··· Data extract

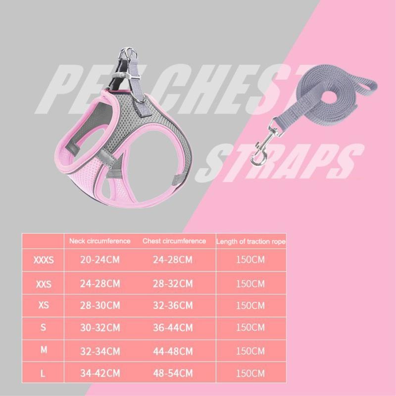 Reflekterande katt-/hundsele med koppel / väst i ventilerande mesh för husdjur
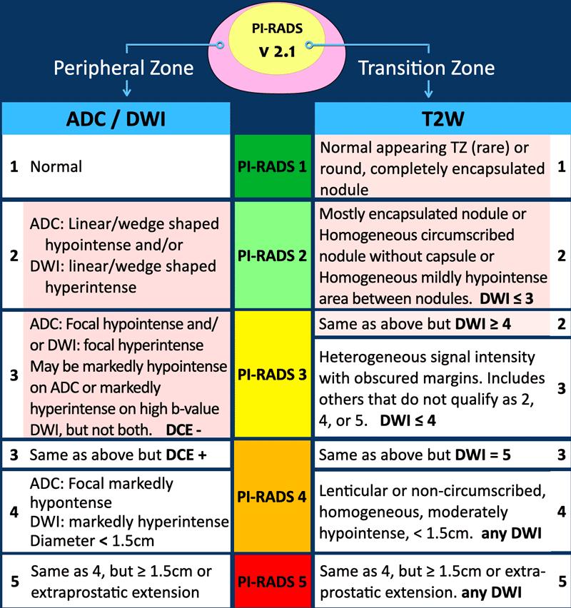 Bảng này dựa trên PI-RADS phiên bản 2.1.
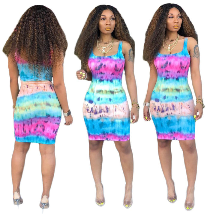Y5111 wishes Europe and the United States summer new women's clothing positioning printing tie-dye suspender dress
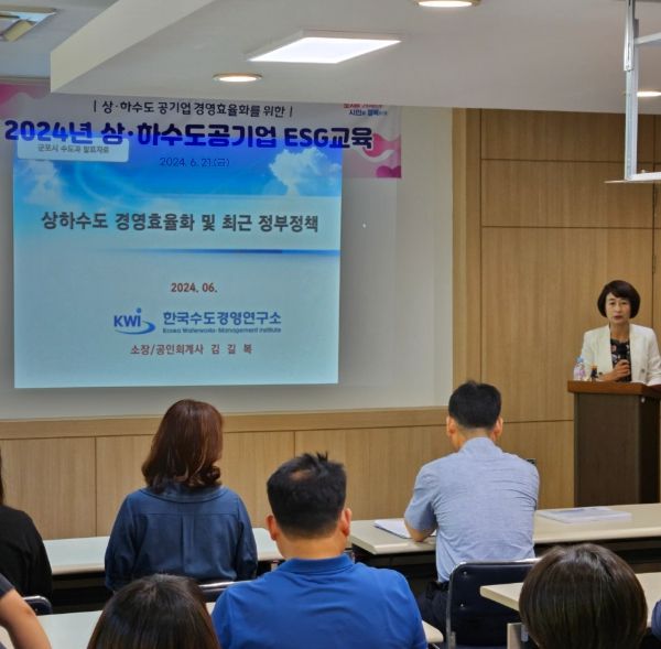 홍유진 수도녹지사업소장은 “교육을 통해 직원들의 업무 능력을 향상시키고 ESG경영은 더 이상 선택이 아닌 필수로 우리 군포시 상하수도 행정에도 적극 도입 지속가능한 성장을 지향하는 계기가 되길 바라며 격년제로 실시되고 있는 외부평가에 적극대응 시민들에게 보다 나은 행정서비스를 제공하는 계기가 되길 바란다”고 말했다.
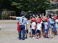 来校していただいた警察官の方から、学校にいるときだけでなく、”登下校時など” に不審者に遭遇したときの対応についてもお話いただきました。子どもたちは、「いかのおすし」の約束を振り返りながらお話を聞いていました。
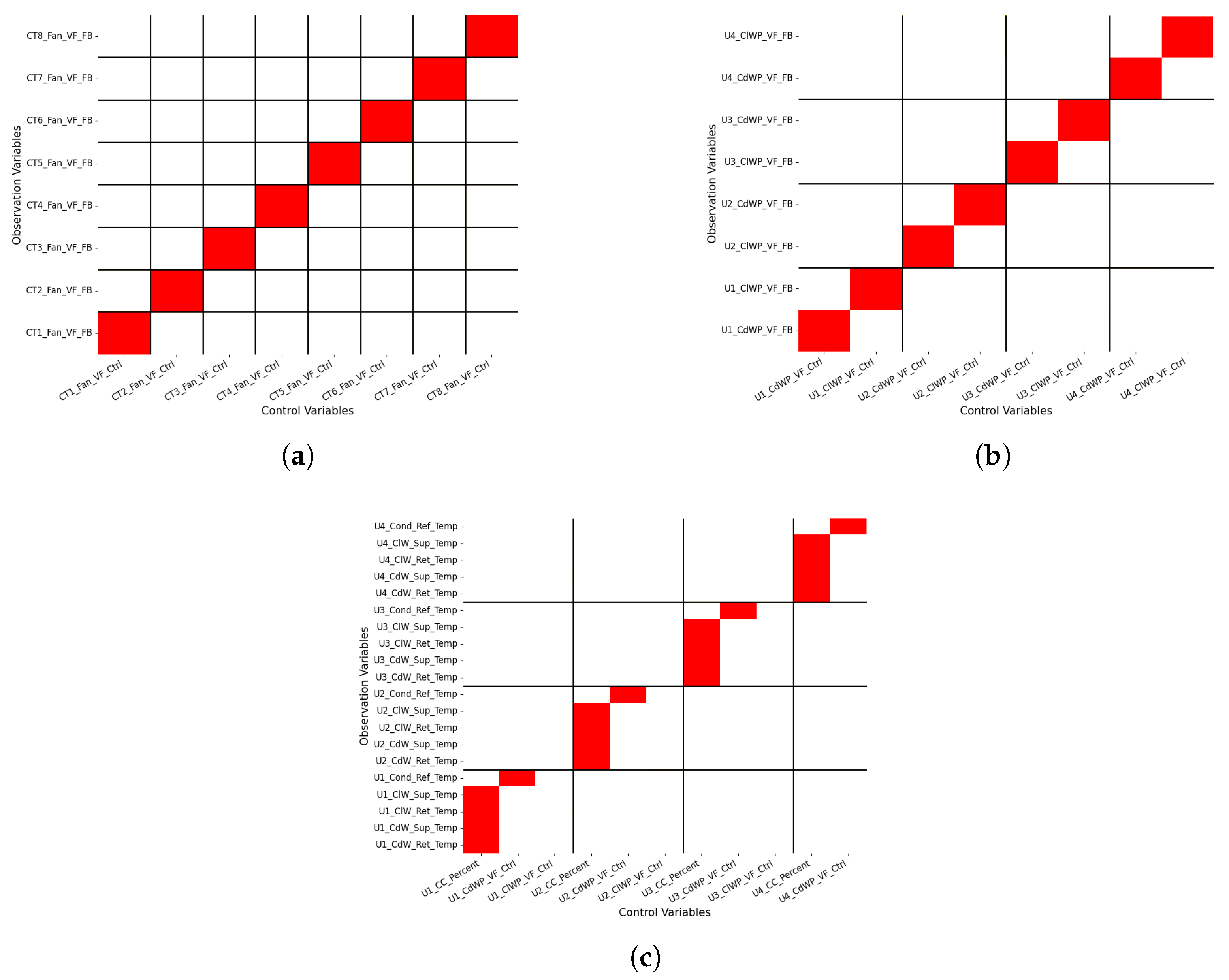 Physics-informed prior relationships between control and observable variables. The horizontal axis represents control variables, and the vertical axis represents observable variables. Black lines delineate different equipment groups, while red highlights indicate the primary influencing control variable for each observable. (a) Cooling Tower Fan Control vs. Feedback Signals. (b) Water Pump Control vs. Feedback Signals. (c) Control Variables vs. Water Temperature Across System Zones.
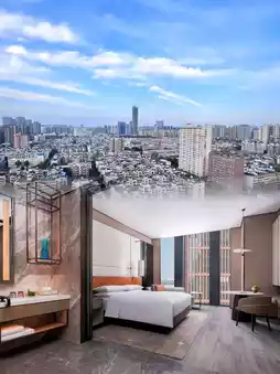 The rooms are spacious with large desks and ergonomic chairs, so working overtime won’t be tiring. The 2-meter-wide bed is super comfortable, with a mattress of just the right firmness and pillows available in soft, medium, and firm options. The bathroom features a dry-wet separation, a large vanity, and a makeup mirror, catering well to business travelers and women alike.
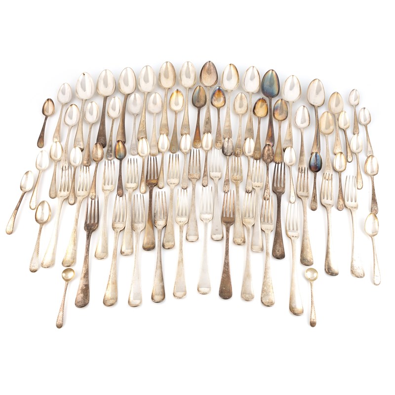 comprising: twenty-four table forks by William Sumner, London 1794, twelve tablespoons, fifteen dessert spoons, twenty-four teaspoons and a pair of salt spoons, total approx. weight 110.8oz. (77)
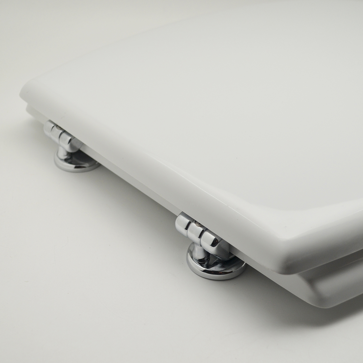 Sedile (Forma tipo 4 - cerniere tipo A) dedicato a casa ceramica Cesabo serie Alexandra. Dimensioni: Lunghezza cm 44-46,5; Larghezza cm 38; Interasse cerniere cm 13,5-18,5 mod. con cerniere regolabili. Sedile in legno stabilizzato, colato in poliestere. Cerniere in ottone cromato e viti di fissaggio in acciaio inox.
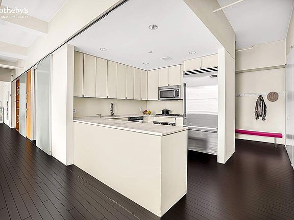 With many rooms to roam, this sprawling NoMad loft delivers floorplan optionality and design potential to create your dream loft. With south, west and east exposures, the space is imbued with beautiful sunbathing light from morning until evening. The welcoming foyer with its modern aesthetic features an architectural niche, art walls and closets galore. The foyer opens into an expansive great room with open concept living, dining, cook’s kitchen with marble counters and pantry storage. The designed blends clean lines with a comfortable contemporary elegance. Sliding doors reveal an office with built-in desk, twin bed and shelving. The hallway to the private quarters offers sliding doors concealing additional office shelving, library shelves or custom display cabinetry. Private quarters include two guest rooms which can be connected via a pocket door and a west facing primary suite with en-suite bath, glass enclosed shower, soaking tub and custom vanity. High 11’ ceilings offer cubic volume for additional storage and gallery sized walls for art. There is an additional full bath with shower. Other features include:
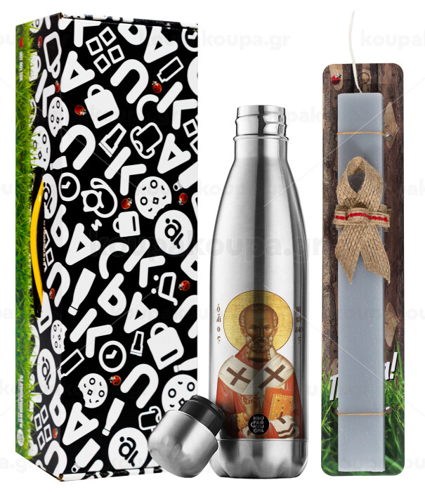 Saint Nicholas orthodox , Easter Set, metallic stainless thermos flask (500ml) & scented flat Easter candle (30cm) (GRAY)

······

> **Problem to work on**
Set down exactly the lines from the start of the records through the line containing "来校していただいた警察官の方", both included, and omit the pictures.

> **Exercise solution**
 Reflekterande katt-/hundsele med koppel / väst i ventilerande mesh för husdjur
 Bảng này dựa trên PI-RADS phiên bản 2.1.
Y5111 wishes Europe and the United States summer new women's clothing positioning printing tie-dye suspender dress
 홍유진 수도녹지사업소장은 “교육을 통해 직원들의 업무 능력을 향상시키고 ESG경영은 더 이상 선택이 아닌 필수로 우리 군포시 상하수도 행정에도 적극 도입 지속가능한 성장을 지향하는 계기가 되길 바라며 격년제로 실시되고 있는 외부평가에 적극대응 시민들에게 보다 나은 행정서비스를 제공하는 계기가 되길 바란다”고 말했다.
 来校していただいた警察官の方から、学校にいるときだけでなく、”登下校時など” に不審者に遭遇したときの対応についてもお話いただきました。子どもたちは、「いかのおすし」の約束を振り返りながらお話を聞いていました。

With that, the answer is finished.